**What to do:** Leaving out every picture, copy the lines of the material below exactly, from the line containing "Expandable dining room" through the line containing "28 февраля состоялась".
(Beginning of Input)
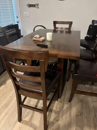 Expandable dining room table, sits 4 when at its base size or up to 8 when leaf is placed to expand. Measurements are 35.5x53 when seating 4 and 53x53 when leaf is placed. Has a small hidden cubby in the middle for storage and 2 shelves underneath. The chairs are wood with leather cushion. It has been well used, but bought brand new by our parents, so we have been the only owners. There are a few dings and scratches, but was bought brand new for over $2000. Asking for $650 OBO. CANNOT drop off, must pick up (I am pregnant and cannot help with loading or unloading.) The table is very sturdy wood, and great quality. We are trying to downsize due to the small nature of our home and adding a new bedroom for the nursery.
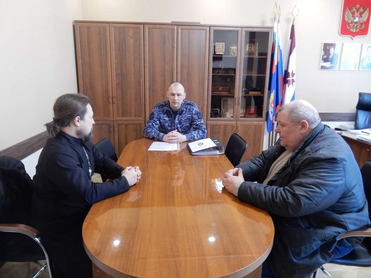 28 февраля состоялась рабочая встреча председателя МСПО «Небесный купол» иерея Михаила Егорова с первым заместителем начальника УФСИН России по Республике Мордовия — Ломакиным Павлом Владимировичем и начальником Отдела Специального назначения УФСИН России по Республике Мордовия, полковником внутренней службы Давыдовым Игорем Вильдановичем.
(End of Input)
(Beginning of Input)
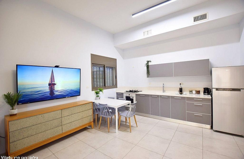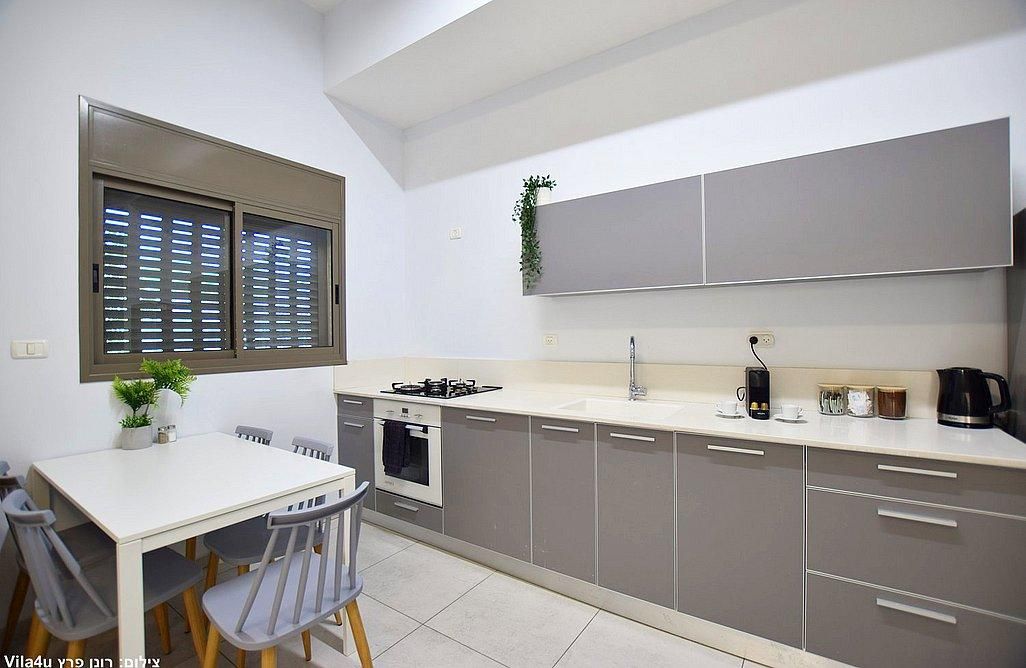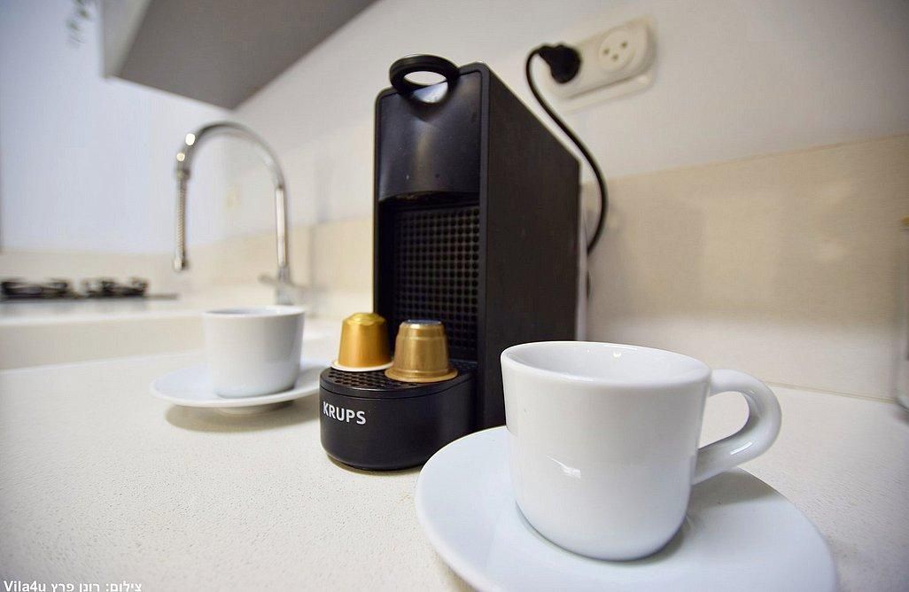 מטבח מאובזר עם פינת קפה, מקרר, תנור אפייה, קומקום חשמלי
(End of Input)
(Beginning of Input)
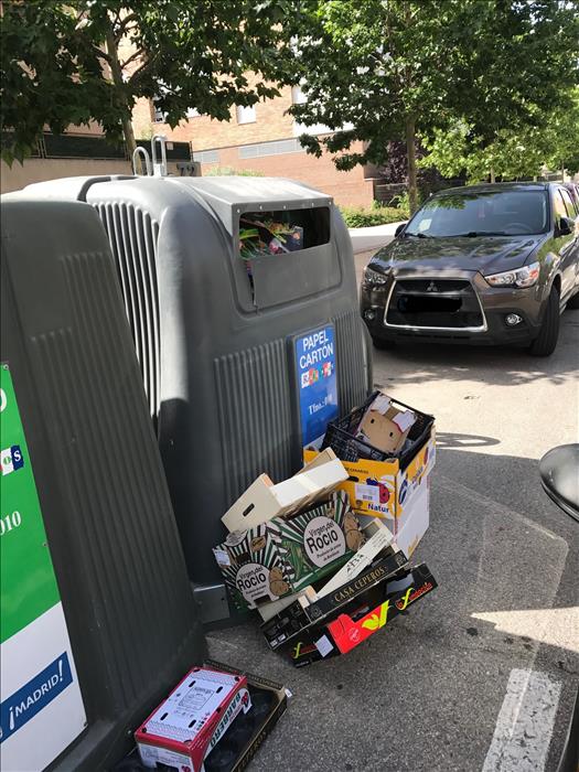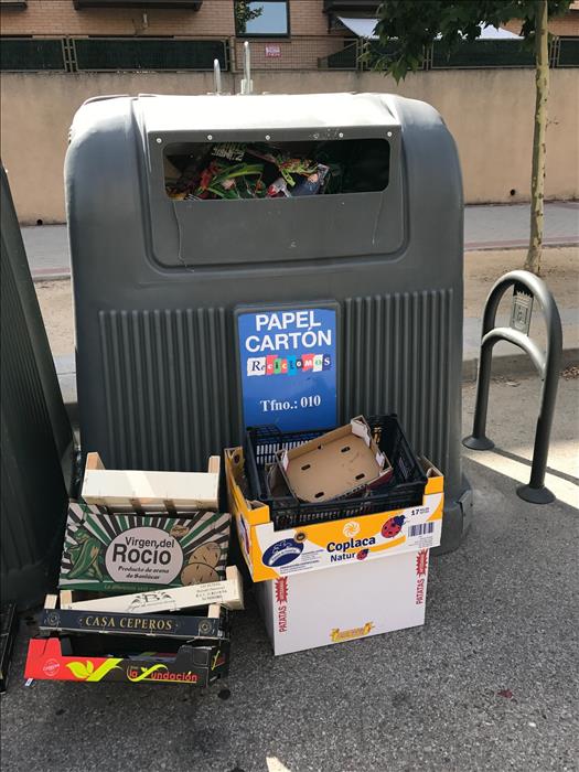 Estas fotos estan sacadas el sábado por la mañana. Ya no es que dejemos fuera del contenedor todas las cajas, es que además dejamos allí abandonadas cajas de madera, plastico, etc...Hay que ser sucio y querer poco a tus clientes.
(End of Input)
**Answer for this exercise:**
 Expandable dining room table, sits 4 when at its base size or up to 8 when leaf is placed to expand. Measurements are 35.5x53 when seating 4 and 53x53 when leaf is placed. Has a small hidden cubby in the middle for storage and 2 shelves underneath. The chairs are wood with leather cushion. It has been well used, but bought brand new by our parents, so we have been the only owners. There are a few dings and scratches, but was bought brand new for over $2000. Asking for $650 OBO. CANNOT drop off, must pick up (I am pregnant and cannot help with loading or unloading.) The table is very sturdy wood, and great quality. We are trying to downsize due to the small nature of our home and adding a new bedroom for the nursery.
 28 февраля состоялась рабочая встреча председателя МСПО «Небесный купол» иерея Михаила Егорова с первым заместителем начальника УФСИН России по Республике Мордовия — Ломакиным Павлом Владимировичем и начальником Отдела Специального назначения УФСИН России по Республике Мордовия, полковником внутренней службы Давыдовым Игорем Вильдановичем.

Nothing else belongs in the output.